Problem to solve
The line that contains "森林作業道は、山の等高線に沿って緩やかな勾配で設置します。" marks the start. Please set it down, with every later line of the data, exactly and without pictures.

(Entries taken from a collection)
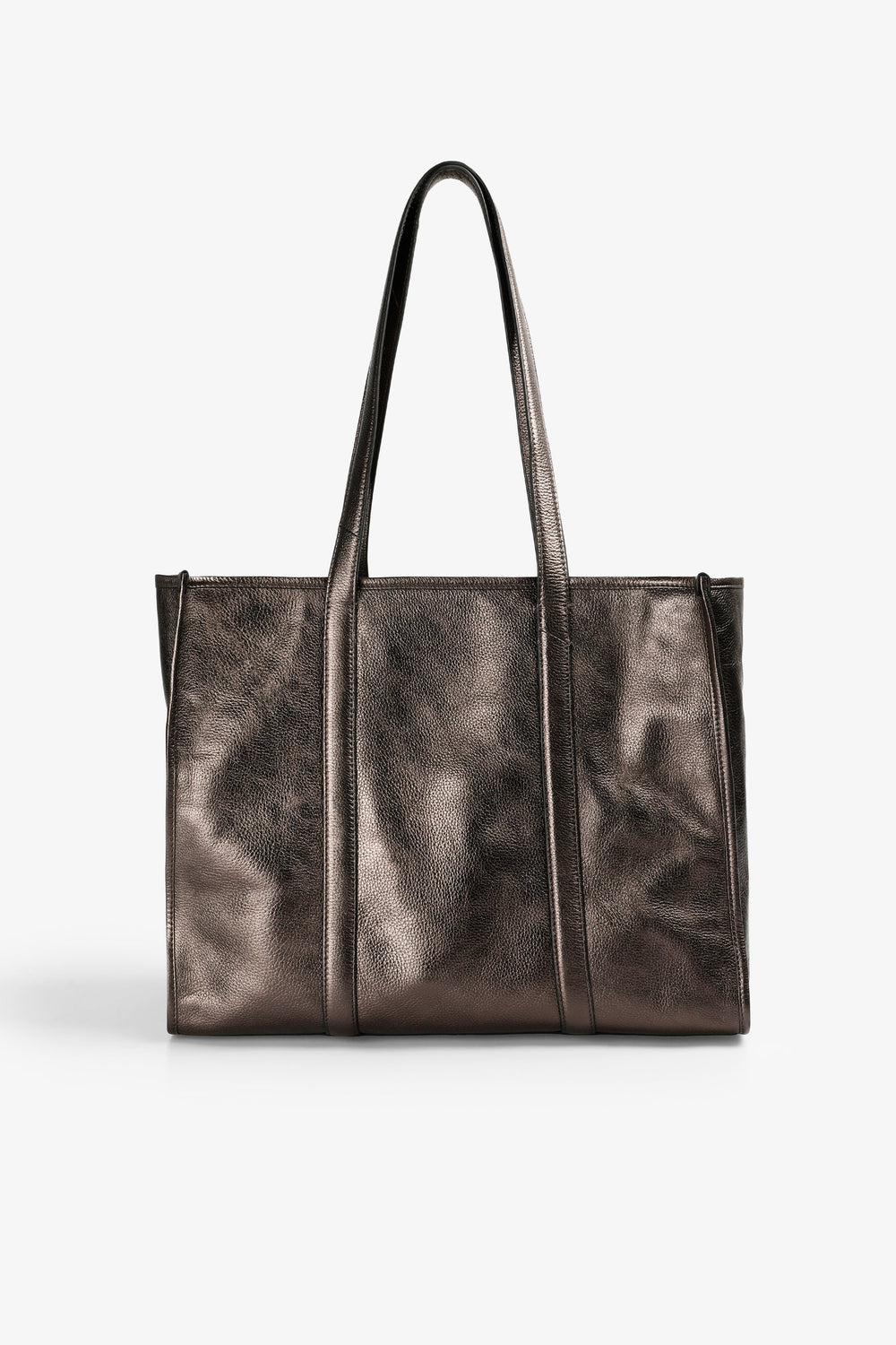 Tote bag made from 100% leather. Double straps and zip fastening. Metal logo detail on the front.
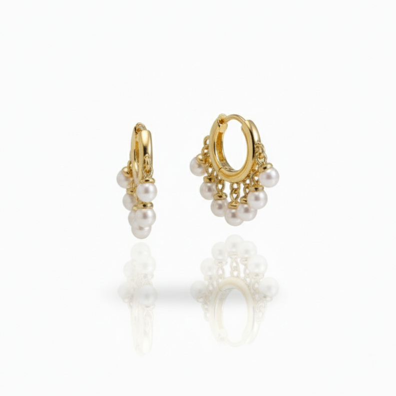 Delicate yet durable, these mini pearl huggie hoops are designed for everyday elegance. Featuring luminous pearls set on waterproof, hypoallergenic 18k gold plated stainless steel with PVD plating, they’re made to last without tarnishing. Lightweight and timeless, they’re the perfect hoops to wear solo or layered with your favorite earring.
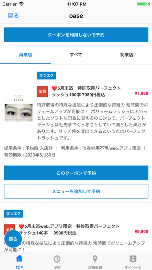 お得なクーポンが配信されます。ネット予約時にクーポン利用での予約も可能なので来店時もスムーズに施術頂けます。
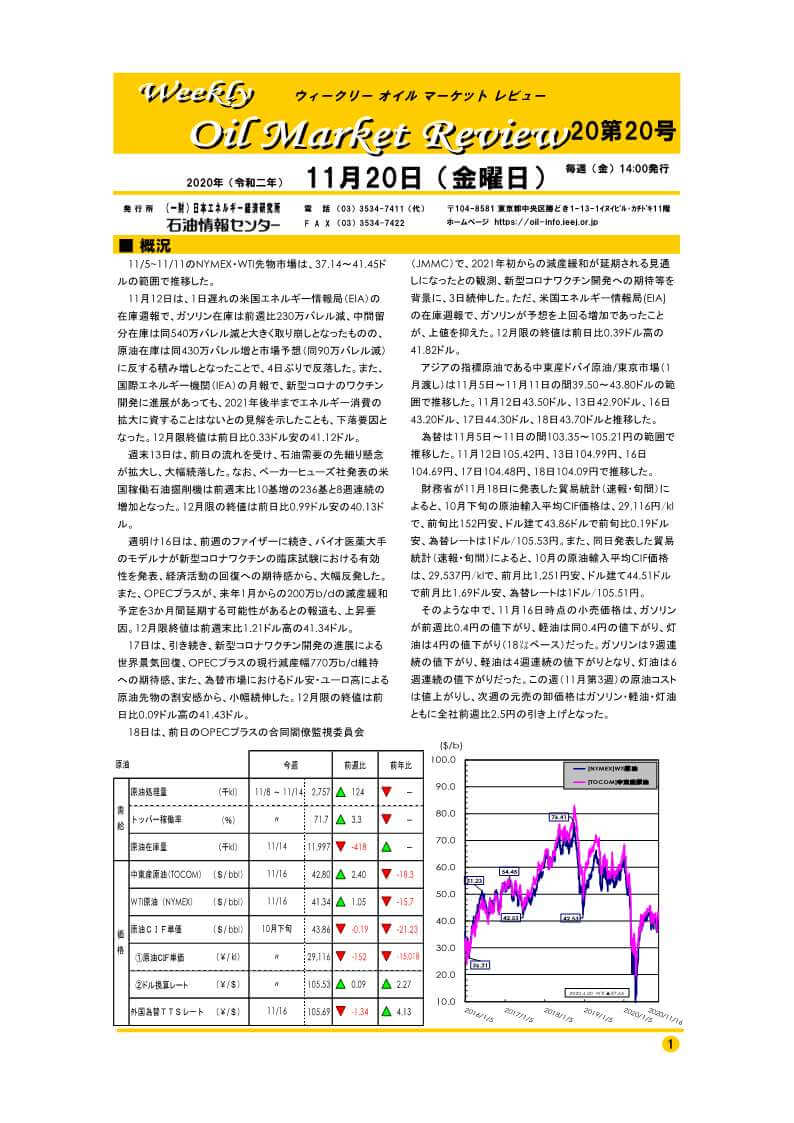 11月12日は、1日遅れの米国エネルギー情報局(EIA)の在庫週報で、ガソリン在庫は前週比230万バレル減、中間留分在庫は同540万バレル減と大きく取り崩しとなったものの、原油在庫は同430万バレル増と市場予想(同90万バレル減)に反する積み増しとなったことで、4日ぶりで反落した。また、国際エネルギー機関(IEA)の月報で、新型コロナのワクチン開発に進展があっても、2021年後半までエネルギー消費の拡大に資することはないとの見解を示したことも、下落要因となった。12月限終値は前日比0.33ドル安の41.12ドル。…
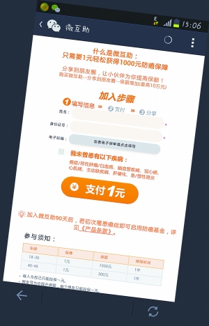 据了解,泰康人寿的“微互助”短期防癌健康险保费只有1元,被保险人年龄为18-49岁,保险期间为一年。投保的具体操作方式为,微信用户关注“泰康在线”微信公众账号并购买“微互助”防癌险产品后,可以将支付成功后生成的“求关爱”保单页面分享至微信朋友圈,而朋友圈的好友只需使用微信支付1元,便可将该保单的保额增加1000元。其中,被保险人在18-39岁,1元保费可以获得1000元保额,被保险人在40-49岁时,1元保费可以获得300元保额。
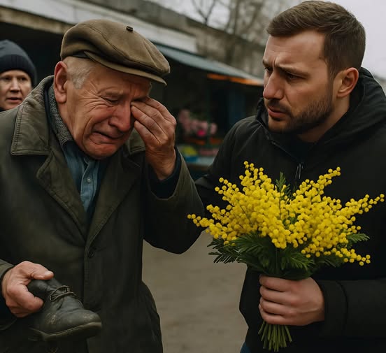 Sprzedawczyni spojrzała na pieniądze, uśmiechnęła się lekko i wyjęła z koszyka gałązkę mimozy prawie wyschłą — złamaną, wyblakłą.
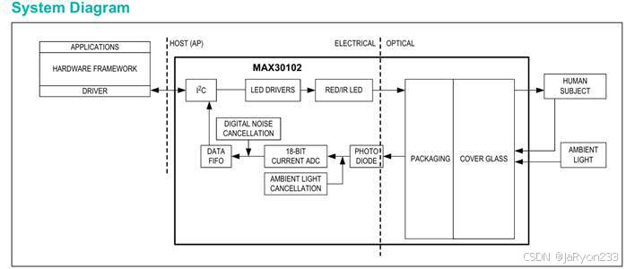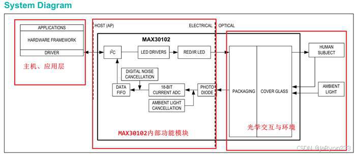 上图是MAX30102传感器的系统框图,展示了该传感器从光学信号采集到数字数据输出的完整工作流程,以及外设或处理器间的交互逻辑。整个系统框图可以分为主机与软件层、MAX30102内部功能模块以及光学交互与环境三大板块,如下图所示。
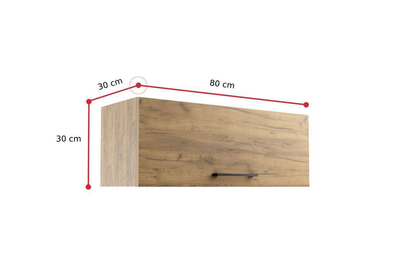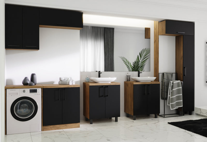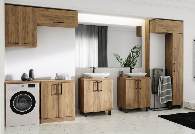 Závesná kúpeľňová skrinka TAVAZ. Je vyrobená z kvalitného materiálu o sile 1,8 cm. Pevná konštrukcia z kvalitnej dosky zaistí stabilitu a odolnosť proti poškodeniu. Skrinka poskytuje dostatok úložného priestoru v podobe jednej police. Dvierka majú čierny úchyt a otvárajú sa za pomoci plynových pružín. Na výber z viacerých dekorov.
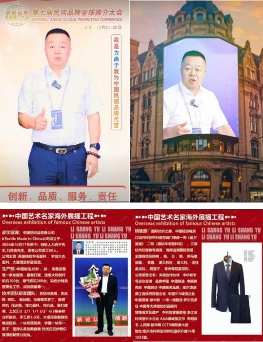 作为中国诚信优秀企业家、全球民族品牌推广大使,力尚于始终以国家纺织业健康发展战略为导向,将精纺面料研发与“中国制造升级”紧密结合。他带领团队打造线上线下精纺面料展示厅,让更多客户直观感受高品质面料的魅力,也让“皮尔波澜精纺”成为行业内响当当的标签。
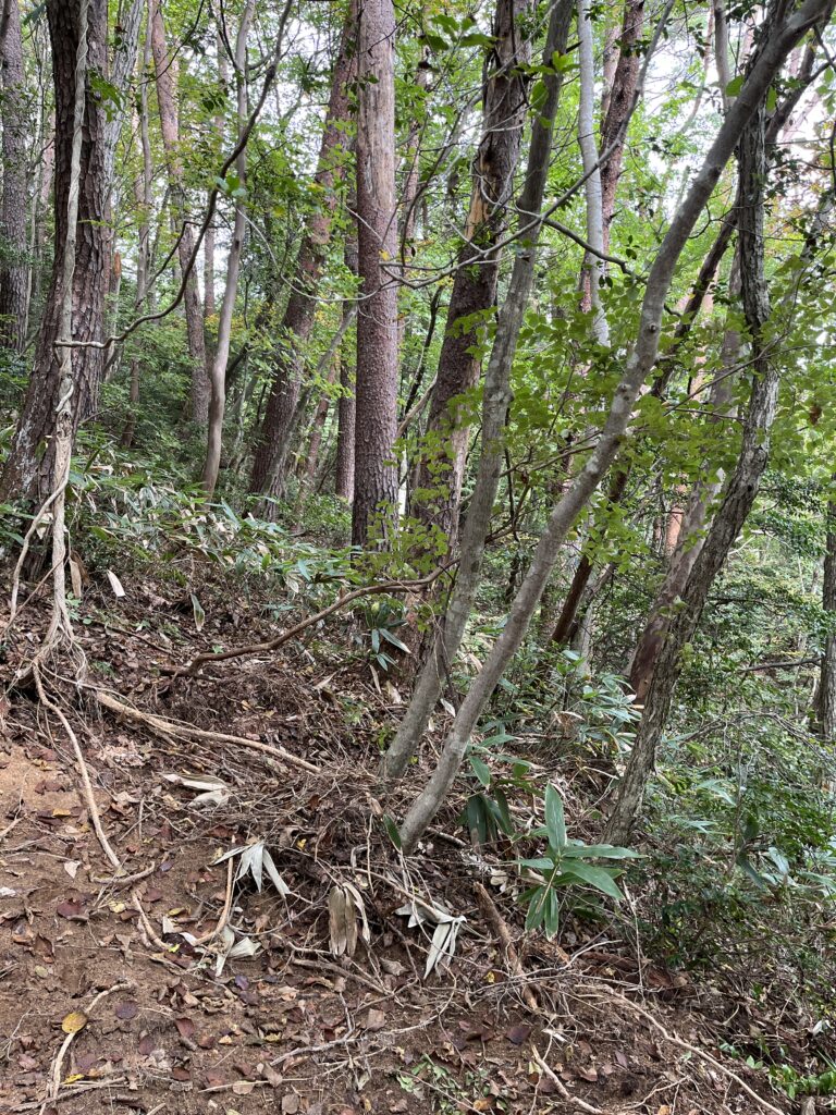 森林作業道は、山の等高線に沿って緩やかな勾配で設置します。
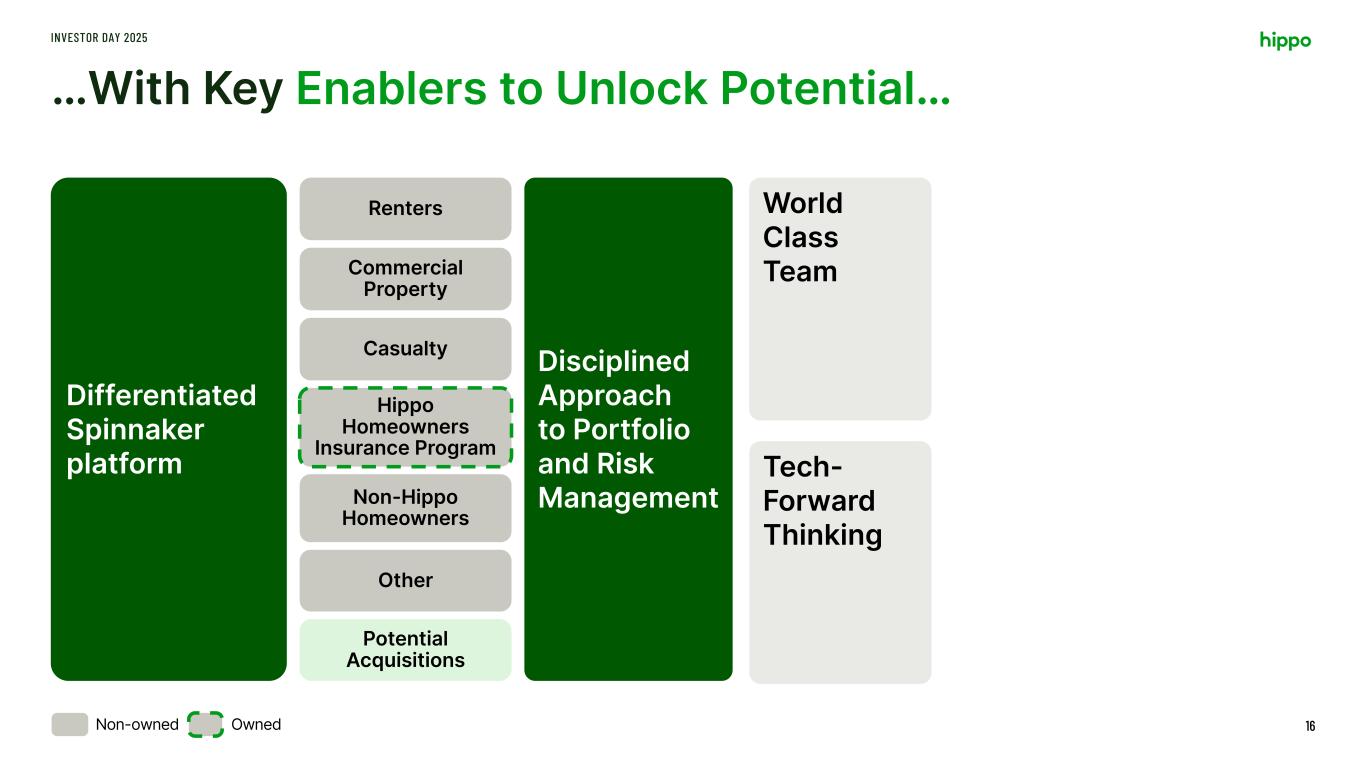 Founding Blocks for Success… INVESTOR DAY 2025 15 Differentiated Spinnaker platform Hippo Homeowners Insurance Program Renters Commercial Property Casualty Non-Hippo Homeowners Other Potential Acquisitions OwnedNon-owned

Solution for this problem
 森林作業道は、山の等高線に沿って緩やかな勾配で設置します。
 Founding Blocks for Success… INVESTOR DAY 2025 15 Differentiated Spinnaker platform Hippo Homeowners Insurance Program Renters Commercial Property Casualty Non-Hippo Homeowners Other Potential Acquisitions OwnedNon-owned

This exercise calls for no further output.